▶ [The task] Starting with the first line below, extract each line through the one that contains "Operazione dei Carabinieri", inclusive, excluding pictures.

▶ [Supplied material]
──────
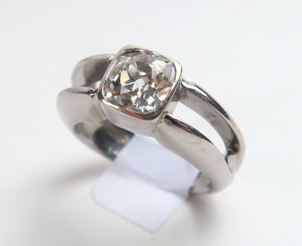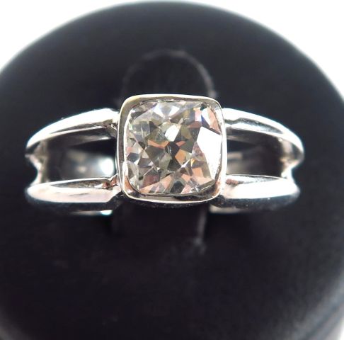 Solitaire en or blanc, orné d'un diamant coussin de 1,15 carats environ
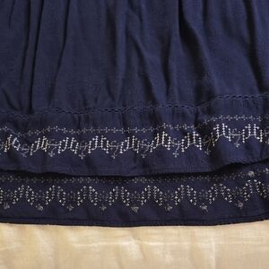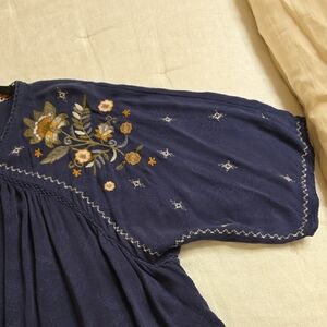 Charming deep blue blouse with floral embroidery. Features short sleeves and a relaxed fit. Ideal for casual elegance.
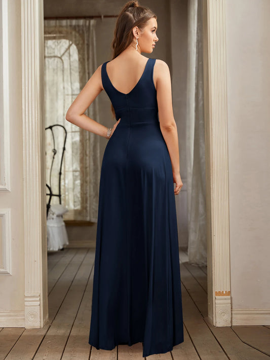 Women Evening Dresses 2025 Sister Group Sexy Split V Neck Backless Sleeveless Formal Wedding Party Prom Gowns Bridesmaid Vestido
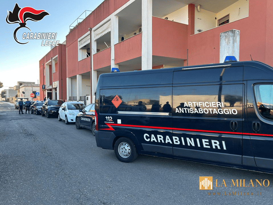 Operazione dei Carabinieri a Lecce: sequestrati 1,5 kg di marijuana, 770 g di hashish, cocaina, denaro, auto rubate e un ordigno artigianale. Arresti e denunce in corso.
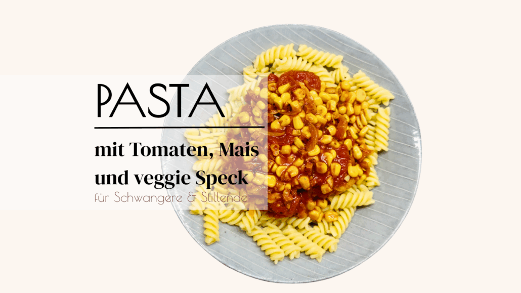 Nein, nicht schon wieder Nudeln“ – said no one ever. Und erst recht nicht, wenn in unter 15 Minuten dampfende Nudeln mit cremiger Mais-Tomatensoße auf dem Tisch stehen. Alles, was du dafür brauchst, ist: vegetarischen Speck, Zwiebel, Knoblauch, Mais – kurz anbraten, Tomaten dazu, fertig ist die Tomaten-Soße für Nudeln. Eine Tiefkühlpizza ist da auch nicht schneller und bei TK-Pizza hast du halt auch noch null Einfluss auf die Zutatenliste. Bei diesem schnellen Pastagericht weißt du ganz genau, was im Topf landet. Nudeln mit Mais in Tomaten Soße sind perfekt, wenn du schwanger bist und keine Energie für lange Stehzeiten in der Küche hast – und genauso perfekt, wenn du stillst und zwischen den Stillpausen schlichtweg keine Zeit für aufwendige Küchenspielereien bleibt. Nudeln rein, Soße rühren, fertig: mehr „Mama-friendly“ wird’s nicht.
──────
▶ [Solution for this exercise]
 Solitaire en or blanc, orné d'un diamant coussin de 1,15 carats environ
 Charming deep blue blouse with floral embroidery. Features short sleeves and a relaxed fit. Ideal for casual elegance.
 Women Evening Dresses 2025 Sister Group Sexy Split V Neck Backless Sleeveless Formal Wedding Party Prom Gowns Bridesmaid Vestido
 Operazione dei Carabinieri a Lecce: sequestrati 1,5 kg di marijuana, 770 g di hashish, cocaina, denaro, auto rubate e un ordigno artigianale. Arresti e denunce in corso.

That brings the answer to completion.